8223 Views 23 Replies 6 Participants Last post by  lizrdbrth
I bought this bike a little over a month ago and have been riding it regularly since. I noticed that it had a small oil leak when I got it but the guy I bought it from said that it was less severe than it actually looks. I don't know anything about motorcycles as I chose this one as my first motorcycle. I come here for help because I think maybe someone here can identify this. Maybe someone has had the same issue before. It's a 2005 model and as far as I can tell is totally stock. My brother went to school for engines and he told me from looking at it, that he thinks the leak is coming from where the front sprocket goes into the engine? If that is so then why is the head and everything below it soaked with oil.
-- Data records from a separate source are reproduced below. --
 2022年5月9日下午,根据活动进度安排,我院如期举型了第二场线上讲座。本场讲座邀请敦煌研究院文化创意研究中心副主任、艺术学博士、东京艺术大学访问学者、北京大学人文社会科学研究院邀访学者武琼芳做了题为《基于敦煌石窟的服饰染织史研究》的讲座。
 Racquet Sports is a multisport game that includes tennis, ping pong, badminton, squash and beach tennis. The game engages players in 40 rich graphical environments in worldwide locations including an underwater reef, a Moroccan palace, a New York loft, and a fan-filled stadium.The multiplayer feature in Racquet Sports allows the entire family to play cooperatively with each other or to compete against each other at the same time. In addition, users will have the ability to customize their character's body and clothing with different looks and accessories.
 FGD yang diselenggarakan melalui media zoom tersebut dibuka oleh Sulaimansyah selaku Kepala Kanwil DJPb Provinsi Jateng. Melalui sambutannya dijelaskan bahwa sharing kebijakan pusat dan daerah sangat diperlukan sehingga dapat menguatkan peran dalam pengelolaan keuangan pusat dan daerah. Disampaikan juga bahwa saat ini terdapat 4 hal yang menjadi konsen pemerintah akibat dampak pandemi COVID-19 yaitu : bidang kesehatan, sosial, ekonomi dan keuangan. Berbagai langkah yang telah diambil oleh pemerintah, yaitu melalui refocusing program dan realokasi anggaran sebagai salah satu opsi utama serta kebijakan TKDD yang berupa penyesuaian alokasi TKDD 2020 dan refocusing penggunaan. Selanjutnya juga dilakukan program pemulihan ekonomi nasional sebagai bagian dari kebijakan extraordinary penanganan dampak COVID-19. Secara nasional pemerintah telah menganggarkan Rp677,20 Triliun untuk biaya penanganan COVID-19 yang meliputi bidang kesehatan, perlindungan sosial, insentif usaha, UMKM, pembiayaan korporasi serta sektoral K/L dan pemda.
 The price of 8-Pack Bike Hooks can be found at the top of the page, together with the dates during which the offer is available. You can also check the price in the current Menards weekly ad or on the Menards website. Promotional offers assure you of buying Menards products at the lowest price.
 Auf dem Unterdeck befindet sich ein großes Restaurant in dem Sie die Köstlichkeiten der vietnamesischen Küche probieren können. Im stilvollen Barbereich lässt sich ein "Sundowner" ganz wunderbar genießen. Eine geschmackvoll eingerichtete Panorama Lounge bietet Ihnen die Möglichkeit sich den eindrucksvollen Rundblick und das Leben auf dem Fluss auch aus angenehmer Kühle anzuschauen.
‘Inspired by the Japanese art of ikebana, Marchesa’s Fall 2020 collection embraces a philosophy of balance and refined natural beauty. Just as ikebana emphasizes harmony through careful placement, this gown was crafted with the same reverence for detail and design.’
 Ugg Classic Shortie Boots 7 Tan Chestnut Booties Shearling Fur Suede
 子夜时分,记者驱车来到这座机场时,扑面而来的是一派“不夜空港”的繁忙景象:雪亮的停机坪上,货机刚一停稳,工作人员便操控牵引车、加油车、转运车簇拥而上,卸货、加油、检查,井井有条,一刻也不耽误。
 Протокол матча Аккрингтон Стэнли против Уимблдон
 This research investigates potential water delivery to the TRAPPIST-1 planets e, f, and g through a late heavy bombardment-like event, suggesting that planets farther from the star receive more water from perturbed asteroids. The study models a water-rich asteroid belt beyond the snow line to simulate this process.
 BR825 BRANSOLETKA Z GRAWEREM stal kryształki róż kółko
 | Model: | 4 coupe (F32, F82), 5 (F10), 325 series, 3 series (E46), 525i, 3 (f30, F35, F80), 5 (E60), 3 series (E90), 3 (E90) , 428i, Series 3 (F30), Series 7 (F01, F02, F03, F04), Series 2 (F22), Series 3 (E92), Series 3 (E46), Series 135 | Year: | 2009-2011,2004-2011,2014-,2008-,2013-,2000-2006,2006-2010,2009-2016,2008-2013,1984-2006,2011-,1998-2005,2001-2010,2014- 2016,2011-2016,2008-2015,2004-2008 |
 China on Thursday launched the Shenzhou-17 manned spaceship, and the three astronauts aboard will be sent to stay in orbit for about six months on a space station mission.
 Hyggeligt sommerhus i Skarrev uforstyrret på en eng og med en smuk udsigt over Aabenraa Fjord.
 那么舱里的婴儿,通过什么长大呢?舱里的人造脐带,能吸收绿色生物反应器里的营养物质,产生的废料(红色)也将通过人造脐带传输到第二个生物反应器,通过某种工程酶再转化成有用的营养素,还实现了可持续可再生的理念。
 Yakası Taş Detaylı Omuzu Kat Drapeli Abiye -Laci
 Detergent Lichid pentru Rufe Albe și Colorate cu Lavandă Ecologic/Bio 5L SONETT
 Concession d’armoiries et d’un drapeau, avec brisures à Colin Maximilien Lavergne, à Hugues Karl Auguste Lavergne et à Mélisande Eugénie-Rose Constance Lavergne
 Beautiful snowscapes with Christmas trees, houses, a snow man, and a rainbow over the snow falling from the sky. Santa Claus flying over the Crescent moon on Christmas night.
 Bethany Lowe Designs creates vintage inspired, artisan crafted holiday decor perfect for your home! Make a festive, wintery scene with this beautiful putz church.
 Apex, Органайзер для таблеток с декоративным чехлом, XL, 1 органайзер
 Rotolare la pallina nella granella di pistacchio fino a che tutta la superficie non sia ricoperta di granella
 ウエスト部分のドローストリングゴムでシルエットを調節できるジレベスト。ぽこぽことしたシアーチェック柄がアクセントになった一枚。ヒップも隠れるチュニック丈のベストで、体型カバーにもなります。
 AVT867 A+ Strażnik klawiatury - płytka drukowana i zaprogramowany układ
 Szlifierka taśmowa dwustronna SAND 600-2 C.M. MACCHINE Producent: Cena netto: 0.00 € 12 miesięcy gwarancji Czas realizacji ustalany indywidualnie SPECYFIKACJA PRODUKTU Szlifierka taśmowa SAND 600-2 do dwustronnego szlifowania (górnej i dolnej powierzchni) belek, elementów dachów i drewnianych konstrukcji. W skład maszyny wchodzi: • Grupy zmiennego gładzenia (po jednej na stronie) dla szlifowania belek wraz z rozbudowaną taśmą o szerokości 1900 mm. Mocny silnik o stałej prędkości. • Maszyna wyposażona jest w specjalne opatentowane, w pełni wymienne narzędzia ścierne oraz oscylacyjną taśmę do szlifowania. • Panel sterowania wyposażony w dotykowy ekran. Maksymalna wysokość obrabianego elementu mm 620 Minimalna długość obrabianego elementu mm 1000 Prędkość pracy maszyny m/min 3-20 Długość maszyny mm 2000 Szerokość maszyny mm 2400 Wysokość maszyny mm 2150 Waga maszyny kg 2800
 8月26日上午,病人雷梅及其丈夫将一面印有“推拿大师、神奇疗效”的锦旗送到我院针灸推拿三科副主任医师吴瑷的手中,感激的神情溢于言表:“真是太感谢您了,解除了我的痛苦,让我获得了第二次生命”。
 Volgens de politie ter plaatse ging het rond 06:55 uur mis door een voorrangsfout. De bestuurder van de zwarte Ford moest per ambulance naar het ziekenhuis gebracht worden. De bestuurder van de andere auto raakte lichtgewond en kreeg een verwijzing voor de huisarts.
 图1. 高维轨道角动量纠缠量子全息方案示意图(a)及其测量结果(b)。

The plug, chain, and chain-guard is soaked with oil, as well as the plate that is on the bottom of the engine is holding oil and drips. It is slinging oil back onto the tire a little and I am afraid it's going to cause me an accident. Please take a look at these pictures and tell me if you think that it is going to be worth getting it fixed. I have an appointment scheduled to get it looked at by World of Yamaha but it's not until the 20th. If it's not going to be worth it to fix it (money) then I'm not going to get it fixed. I only paid $700 for it and the guy I bought it from doesn't know anything about bikes either, so I think I got a good deal. It runs good and I haven't had any problems out of it except for this and the gear will sometimes slip from 5th down if I'm really giving it hell.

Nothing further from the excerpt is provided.